ML packages can be a double-edged sword when implemented without a well-defined strategy. Alok GUpta, Head of Data and DoorDash, shared that their strategy when starting their ML journey was to start with as few ML packages as possible. To do that, they defined a scope and a list of metrics on which they evaluated ML packaged. They knew that their requirements can be met using deep learning and tree-based methods. With this in mind, they’ve done a bake-off between a range of packages and evaluated them on speed, level of customization, and performance. They’ve selected a total of two packages, one for deep learning, and another for tree-based methods.

Common and Project-Specific MLOps Challenges

The panelists shared that every machine learning project will face challenges, some of them being common across industries and projects, while others are specific to the technology that’s being developed. Common ML project challenges can be, for example, ensuring compliance with industry regulations and setting up adequate governance policies for the project. Another common challenge is the data workflow, such as data collection and annotation. Oftentimes, data quality lands to be the sole responsibility of the engineering team, when it should be the responsibility of the whole organization, to ensure quality assurance in the end-to-end process.

Other challenges are project-specific. For example, DoorDash found that it has had challenges to get the online features and offline features to agree. This is because a model trained with cleaned and sanitized data, which is much higher quality than real-world and real-time data. As such, the company had to re-code features of their prediction algorithm to produce adequate results when exposed to real-world, messy data.

On the flipside, Alok Gupta also highlighted how easily predictable demand forecasting can be. In their use case for food delivery, factors such as events, sports events, concerts, time of day, and location offer a very high level of insights that enable them to accurately predict demand.

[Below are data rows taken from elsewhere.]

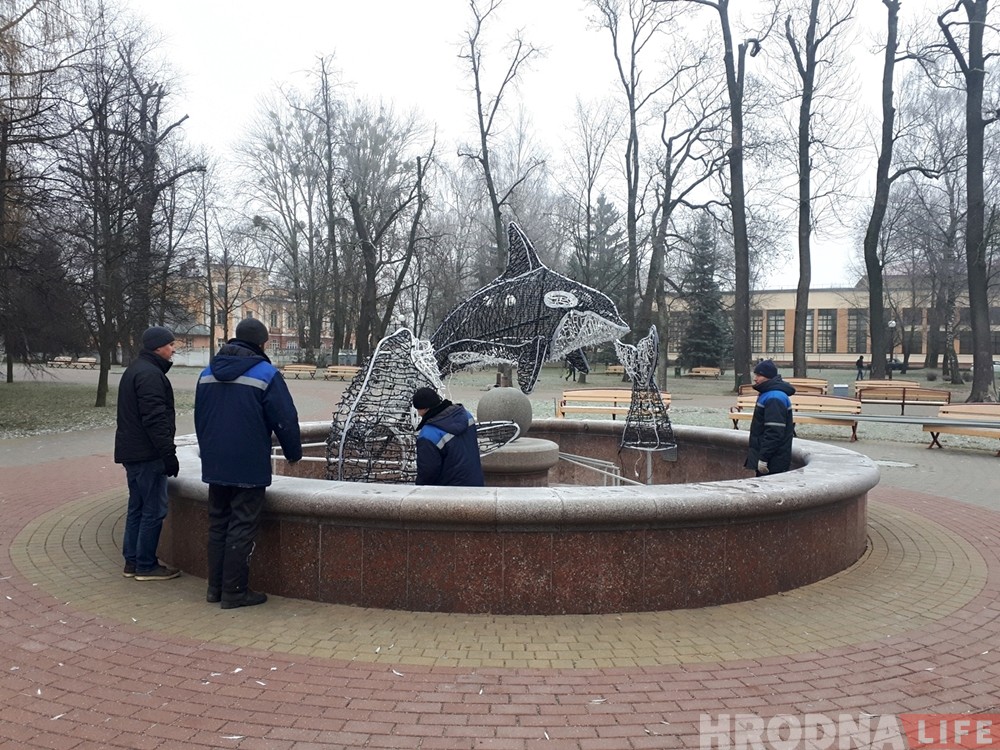 Супрацоўнікі “Гарсвятла” ўсталёўваюць навагоднюю ілюмінацыю ў Гродне. Ужо 6 снежня новыя светлавыя дэкарацыі з’явіліся на плошчы Леніна і ў парку Жылібера. Тут стары фантан ўпрыгожваюць касаткі, якія ныраюць у ваду.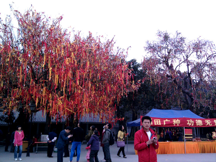 香炉台旁的大树上挂满了朝圣者的红绸带
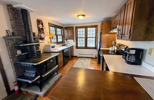 Perched on a picturesque hilltop in Whitefield, this charming farmhouse exudes warmth, rustic character, and modern comfort. With beautiful gardens and a peaceful pond as a backdrop, you will enjoy breathtaking views, including Cannon Mountain's ski slopes, while embracing the serenity of the White Mountains. In addition, the home is just 3 minutes from the fabulous Mountain View Grand Resort, where our guests can enjoy pool and gym access, an amazing spa, and discounts for the stunning golf course (subject to availability and fees).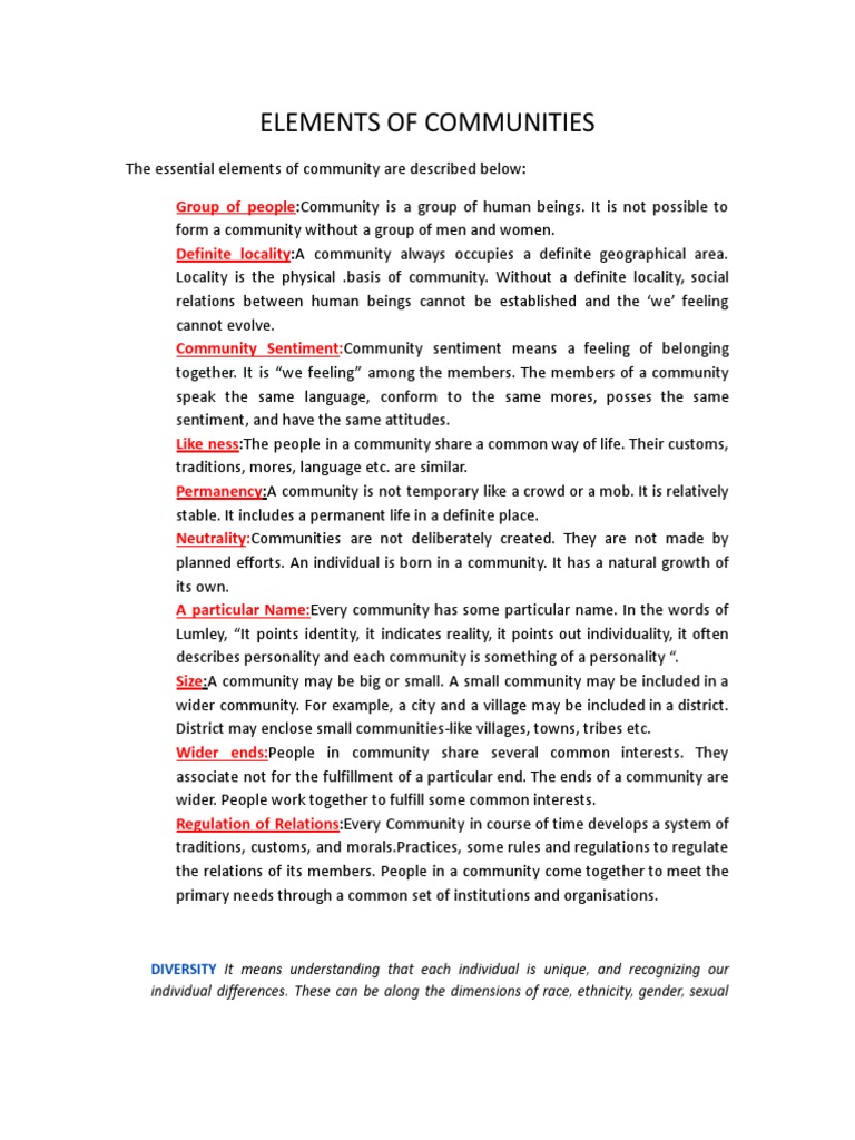 Elements of Communities: Group of People Definite Locality | PDF ...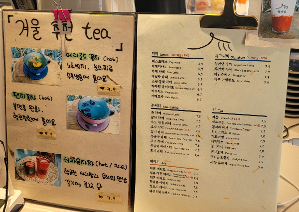 청이당에서는 1인당 1음료의 메뉴를 주문해야 해요. 모든 커피 종류에는 800원을 축하면 디카페인으로 변경 가능하고, 아메리카노 5,900원, 카푸치노 6,700원, 복숭아 아이스티 7,500원, 레몬 에이드 7,500원 등으로 가격대가 조금 있는 편이에요. 커피도 다양하게 있고, 쑥 라테, 우도 땅콩 라테등 논커피나 에이드, 차 종류도 많았어요. 그리고 청이당 시그니처 메뉴들도 있어서 저와 지인들은 시그니처 메뉴를 먹어보기로 하였습니다.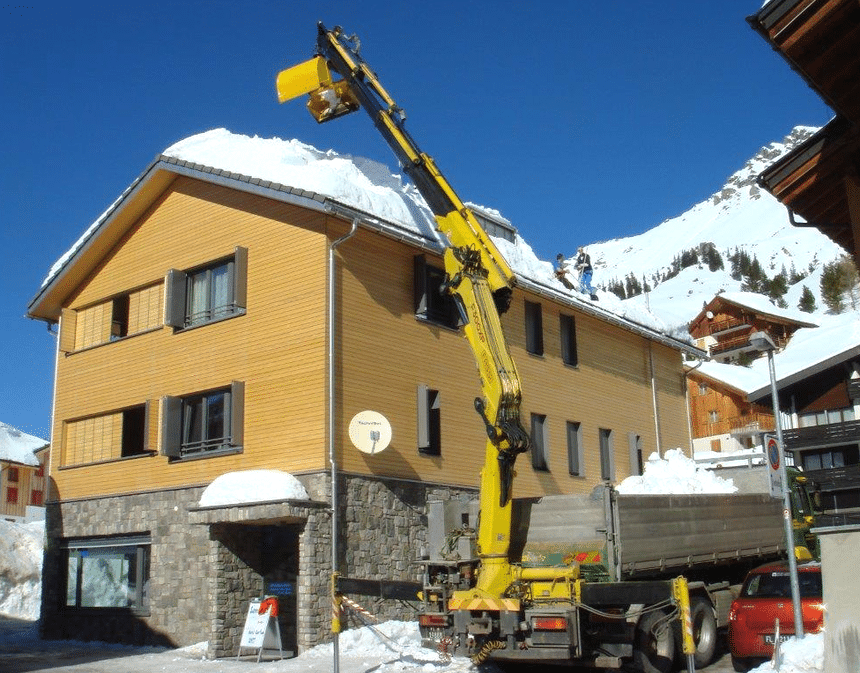 Parfois, ces grues sont utilisées à des tâches un peu inhabituelles, mais classiques en haute montagne, comme ici avec une benne preneuse travaillant… en hauteur ! Il s’agit en effet de déneiger une toiture après de fortes précipitations neigeuses.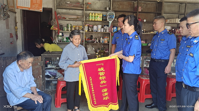 在“八一”建军节来临之际,大祥区城管执法局局党委及局工会前往隆回县看望因公殉职蒲清球父母,为其送上锦旗和慰问品。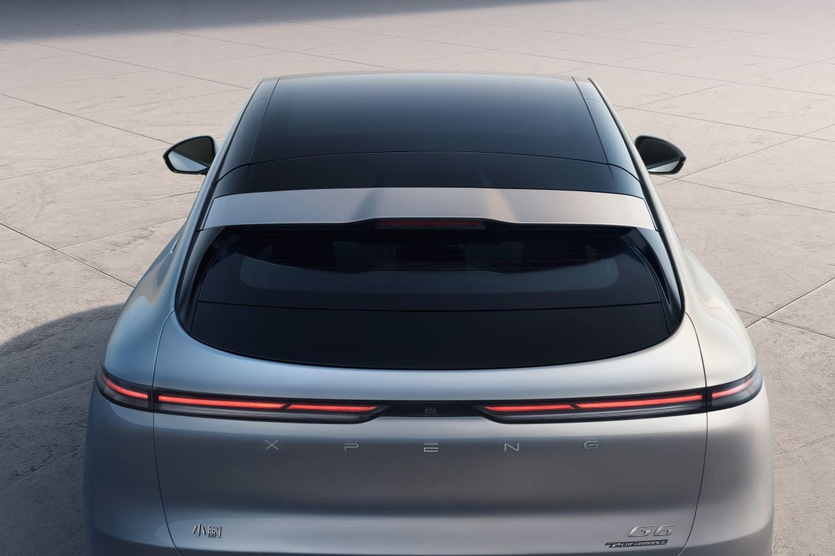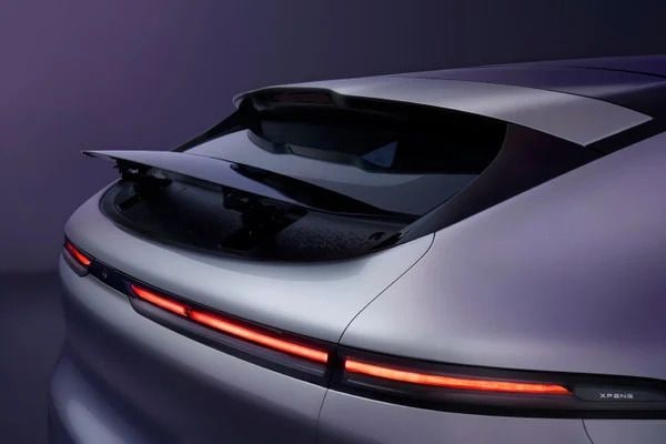 Recht van achteren valt dat gewicht weg en laat Xpeng ook hier zijn designcapaciteiten zien. Het zwarte dak, dat de visuele hoogte verbergt, loopt door in de achterruit en de zwarte spoiler die zich onder in de grafische outline van de ruit bevindt.

“The power comes from the data, and the more predictive data you can get, the better features you can achieve”
– Alok Gupta, Head of Data at DoorDash

Monitoring and Visibility for MLOps

All three panelists said that monitoring and visibility is one of the most important tips for data scientists and engineers when developing a ML model. Monitoring constantly evaluates the model’s performance and produces reports to highlight issues or anomalies. Changes in performance should be monitored at various time intervals, as some changes may be very obvious step changes in day-to-day timeframes, while others can only be observed when looking over months.

The other side to monitoring is visibility, and more specifically, visibility of the end-to-end data workflow. Understanding the data sources and the ETL pipelines can highlight the point of failure in the data workflow in case of quality issues.